I recently (20 days ago in fact) started a quest to earn myself a Firefly banjo ukulele with a walnut neck and hardwood fretboard. The thing is, when the Firefly banjo-uke came out I wanted one, but I was starting to work on my "can't say 'I want'" philosophy, so I couldn't get one. Besides, it would just hang there on the wall next to my unplayed bass, so there was good reason not to buy it.
Recently (about 20 days ago in fact) I started working on Summer Reading 2013. I know, it's pretty early, but Flash Gordon just wasn't moving for me and I was still high on Summer Reading 2012, so I looked up the theme for next year and found it to be: "Dig into Reading". I decided on a story I really love, The Fantastic Mr. Fox. I started out making a drawing to represent the show, a fox, a few scrolly banners with text, and a banjo. A banjo? What was the banjo doing there? I don't know, it just fit.

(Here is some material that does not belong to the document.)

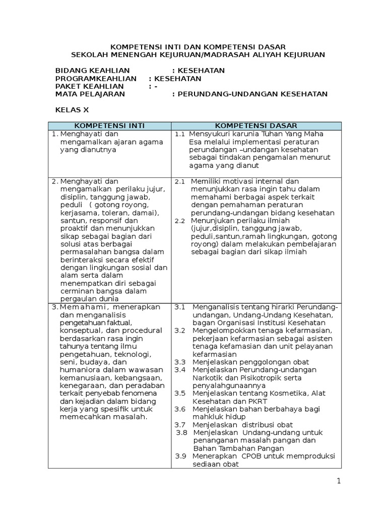 Ki Kd Perundang-undangan Kesehatan

So I started thnking about that banjo. So many great old-time fiddle tunes would work well with FMF, played during the digging and chases and such like that, things like Turkey in the Straw and the Chicken Reel. But how to play them? I have a tin-can banjo I built when I started learning about music. It's actually a very playable baritone uke. I could strum it and play the melody on harmonica - I already play a bunch of fiddle tunes that way, including Turkey in the Straw, and this is the way I usually work, but I want more - I want to learn more and different styles of ukulele playing, I want to do the melody and the chords on the banjo, I want it to be simpler in equipment, I want it to be richer in musicianship and musicality. That's a lot to want.
So, I thought, "I should get the Firefly banjo uke?"
Here's where things get a little difficult, I'm not supposed to "want" things. I thought, "Just get the darn thing, you can afford it." But, that's a problem in and of itself. Back in the day I would've worked extra shifts, saved money, took on side-jobs. It wouldv'e taken at least a month to get together an extra couple of hundred bucks. In the end, I would've either given up, thus indicating that I didn't really want the banjo, or I would've earned the banjo and I would appreciate it that much more.
So I devised a system to get the banjo I "wanted" by earning it.
A banjo ukulele is tuned, strung and plays the same as a regular ukulele, so I don't need a banjo uke to learn to play banjo ukulele and I've got a couple of soprano ukes that I can work with.
So I did what I do whenever I'm making myself do something for a number of days, I made check boxes in my notebook, thirty of them in fact. And I started to teach myself to play clawhammer style ukulele. I won't get into the details of clawhammer style playing here, suffice it to say that it's a style of banjo playing that is used ofr old-timey music and that happens to work very well on one other instrument, besides the banjo, the ukulele.
So, now I've created some very explicit conditions. I can get a banjo uke if I practice clawhammer style playing for thirty days, without fail, if I miss even a single day I can't get it. Period.
Today is day twenty, and the one thing, more than anything else that has kept me going, is not the desire for the banjo, but the fact that I've posted my progress on Facebook every day. I started on day 4, just as a lark, and didn't post a day 5, but by days 6 and 7 I realized that people were reading the posts and I had developed a system of accountability.
In all, I think this raises more questions than it answers. Am I eliminating simple desire for the uke by forcing myself to learn/earn it first? Is this the good kind of "I want"? Or, am I just tricking myself to get something I want?
I don't know the answers to these things, I just know that, as a person, I'm not finished yet, and this is somethig I can do that will hopefully help me finish well.